Prentiss M. Brown Honors Fall Common Reading 2005

Our Brown Honors Common Reading this fall was "The Great Mortality: An Intimate History of the Black Death, the Most Devastating Plague of All Time" by John Kelly.  Kelly was here on Campus, Thursday, September 22 for a lecture in Goodrich Chapel at 7:00pm.

So begins, in almost fairy-tale fashion, a contemporary account of the worst natural disaster in European History - what we call the Black Death, and what the generation who lived through it called la moria grandissima: "the great mortality."

The Great Mortality is John Kelly's compelling narrative account of the medieval plague, from its beginnings on the desolate, windswept steppes of Central Asia to its journey through the teeming cities of Europe.

The Great Mortality also looks at new theories about the cause of the plague and takes into account why some scientists and historians believe that the Black Death was an outbreak not of bubonic plague, but of another infectious illness - perhaps anthrax of a disease like Ebola.

John Kelly, who holds a graduate degree in European history, is the author and coauthor of ten books on science, medicine, and human behavior, including Three on the Edge, which Publishers Weekly called the work of "an expert storyteller." He lives in New York city.

Copies of The Great Mortality will be available for purchase in the book store.

John Kelly Poster, Picture, Book Cover, and quotes

www.thegreatmortality.com


Prentiss M. Brown Honors Spring Common Reading
In spring 2005 our Brown Honors Common Reading was "On Human Nature"  by E. O. Wilson - 1988.  Wilson was here on campus on April 21, 2005 for a lecture in Goodrich Chapel.  

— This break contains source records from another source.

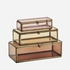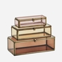 Matière: Verre, fer Couleur: Rose, orange, café, fourmi.laiton Dimensions: 10x4x3/13x5,5x5/15x7x5,5 cm Poids: 0.470 kg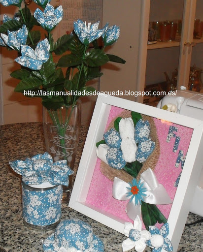 Desde pequeña me encanto las manualidades, no solo a mí sino a toda mi familia nos apasiona, ya que mama nos inculco esta pació desde pequeña. He tomados muchos cursos y talleres y también he dado clases y prácticamente hago de todo: papel mache, porcelana, decoupage, pirograbados, títeres, fimo, telas, calados canarios, goma eva y otras técnicas de aquí de España muy conocidas, pero lo mas que me apasiona son las miniaturas para casita de muñecas ya que tengo 3 casitas que me han regalado.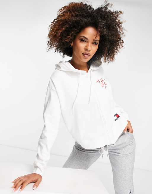 Tommy Hilfiger - 85 - Felpa con cappuccio bianca con logo

About the book itself he says: "To address human behavior systematically is to make a potential topic of every corridor in the labyrinth of the human mind, and hence to consider not just the social sciences but the humanities, including philosophy and the process of scientific discovery itself. Consequently, 'On Human Nature' is not a work of science; it is a work about science, and about how far natural sciences can penetrate into human behavior before they will be transformed into something new." "On Human Nature" covers aggression, sex, altruism and religion as well as heredity, development and emergent behavior brilliantly.